Scientific classification
- Kingdom: Animalia
- Phylum: Chordata
- Class: Aves
- Order: Passeriformes
- Family: Thamnophilidae
- Genus: Drymophila
- Species: D. ochropyga
- Binomial name: Drymophila ochropyga (Hellmayr, 1906)

= Ochre-rumped antbird =

- Genus: Drymophila
- Species: ochropyga
- Authority: (Hellmayr, 1906)
- Conservation status: LC

Species of bird in Brazil

The ochre-rumped antbird (Drymophila ochropyga) is a species of bird in subfamily Thamnophilinae of family Thamnophilidae, the "typical antbirds". It is endemic to Brazil.
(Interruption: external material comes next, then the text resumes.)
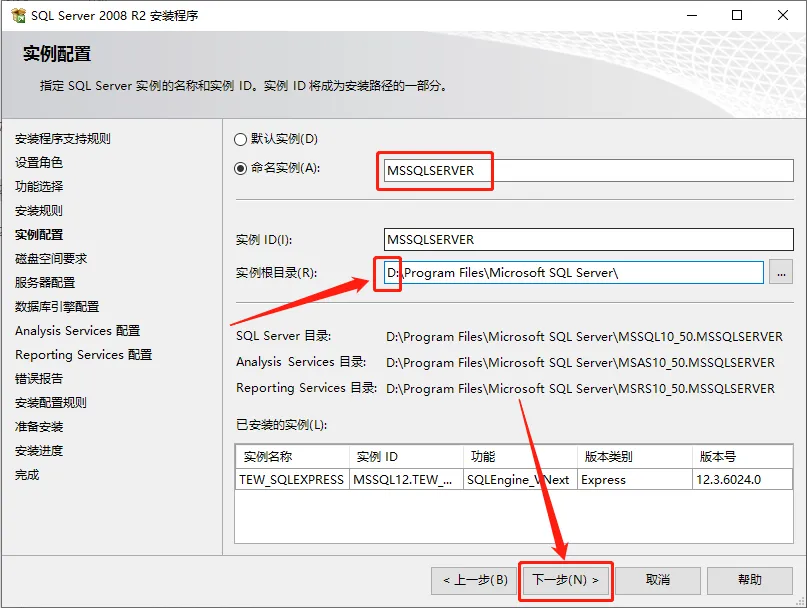 17.命名实例处输入MSSQLSERVER,将实例根目录的C改为D盘或者其它磁盘,然后点击【下一步】。

==Taxonomy and systematics==

The ochre-rumped antbird and the rufous-tailed antbird (D. genei) are sister species. Both are monotypic.

==Description==

The ochre-rumped antbird is 12.5 to 13.5 cm long. Adult males have a black crown, a long white supercilium, a black band through the eye, and white cheeks with black speckles. Their back is gray with a few black and white feathers and a white patch between the scapulars. Their rump is light rufous. Their wings are blackish with narrow buff edges on the flight feathers and wide white tips on the coverts. Their throat and breast are white with black streaks that are heavier on the latter. Their flanks and crissum are plain rufous. Females have a buff-streaked crown, an olive-gray back, and duller buffier underparts that are less heavily streaked than the male's.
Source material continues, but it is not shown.